Rule 41(b) provides that “[i]f the plaintiff fails to prosecute . . . a defendant may move to dismiss the action or any claim against it.” Fed.R.Civ.P. 41(b). In considering whether to dismiss an action or claims pursuant to Rule 41(b) the following factors must be considered:
(1) the duration of the plaintiff's failures, (2) whether plaintiff had received notice that further delays would result in dismissal, (3) whether the defendant is likely to be prejudiced by further delay, (4) whether the district judge has taken care to strike the balance between alleviating court calendar congestion and protecting a party's right to due process and a fair chance to be heard and (5) whether the judge has adequately assessed the efficacy of lesser sanctions.LeSane v. Hall's Sec. Analyst, Inc., 239 F.3d 206, 209 (2d Cir. 2001); accord Rios v. Zion Farm LLC, No. 19 Civ. 4363, 2021 WL 2383026, at *1 (S.D.N.Y. June 9, 2021). “Dismissal is a ‘harsh remedy to be utilized only in extreme situations.'” Rios, 2021 WL 2383026, at *1 (quoting Minnette v. Time Warner, 997 F.2d 1023, 1027 (2d Cir. 1993)).

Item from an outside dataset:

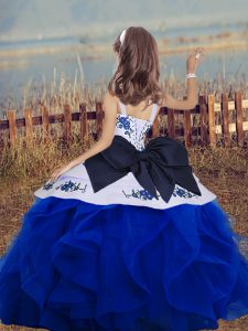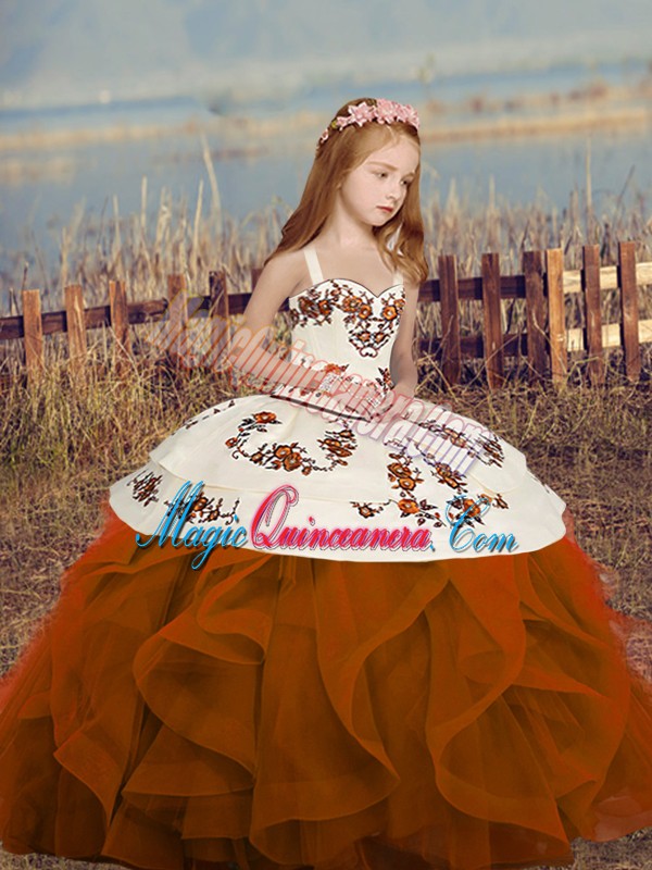 On Sale Floor Length Rust Red Girls Pageant Dresses Straps Sleeveless Lace Up

Here, the harsh remedy of dismissal is unwarranted. Rivas has participated in this litigation and initially appeared for his deposition. During that first appearance, the ACC determined that an interpreter was necessary and postponed the deposition. Rivas failed to reschedule and appear for his deposition after this initial postponement. If anything, Rivas's failure to appear has harmed his case, as the City's motion for summary judgment as to Rivas's Unpaid Overtime and Delayed Payment claims is granted on the ground that Rivas did not provide any individualized evidence in support of these claims. This result is sanction enough. The City has not been prejudiced, and there is no reason to take further action against Rivas whose only remaining claims are the Regular Rate and Straight Time claims.
IV. CONCLUSION
For the reasons stated above, Plaintiffs' motion for summary judgment is DENIED. The City's motion for summary judgment is GRANTED as to the Group 1 Plaintiffs' Unpaid Overtime and Delayed Payment claims, but is otherwise DENIED. The City's motion to dismiss the claims of Plaintiff Rivas is DENIED. The following claims remain:
• Group 2 Plaintiffs' Unpaid Overtime claims,
• Group 2 Plaintiffs' Delayed Payment claims and
• all Plaintiffs' Regular Rate and Straight Time claims.
The Clerk of Court is respectfully directed to close the motion at Docket Nos. 83 and 92.